100w indeed did not report an error, but there is such a fluctuation every 200s, which also seems abnormal.

translator_bot · June 22, 2024, 4:53pm

| username: WalterWj | Original post link

Check the pending monitoring of TiKV.

translator_bot · June 22, 2024, 4:53pm

| username: Leox | Original post link

It does seem to have a problem.

translator_bot · June 22, 2024, 4:53pm

| username: ffeenn | Original post link

Switch to another machine to execute sysbench, and take a screenshot of the tidb Statement OPS in the Overview panel and the sysinfo.
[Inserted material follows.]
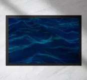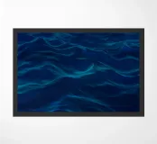 Arte digitale astratta. Onde oceaniche scure e vorticose di acqua agitata in tonalità marine profonde.

translator_bot · June 22, 2024, 4:53pm

| username: Leox | Original post link

Applying pressure from machines outside the cluster

Sysinfo:

tidb Statement OPS:

translator_bot · June 22, 2024, 4:53pm

| username: ffeenn | Original post link

Your IO disk busy rate is already very high, so fluctuations and delays are inevitable. What is the IOPS of your SSD test? It seems like the disk has reached its bottleneck. Try reducing the number of threads and the amount of data, and test to find the final bottleneck.

translator_bot · June 22, 2024, 4:53pm

| username: Leox | Original post link

J5310 3.2T is the nominal value, our actual test results are slightly better than those in the table.

translator_bot · June 22, 2024, 4:53pm

| username: ffeenn | Original post link

For production use, it is recommended to separate TiKV. This disk is average and not as good as those from cloud providers. Separating it can maximize its advantages.

translator_bot · June 22, 2024, 4:53pm

| username: Leox | Original post link

Got it, understood! Thank you!

translator_bot · June 22, 2024, 4:53pm

| username: Minorli-PingCAP | Original post link

The sysbench load has exceeded the hardware’s capacity.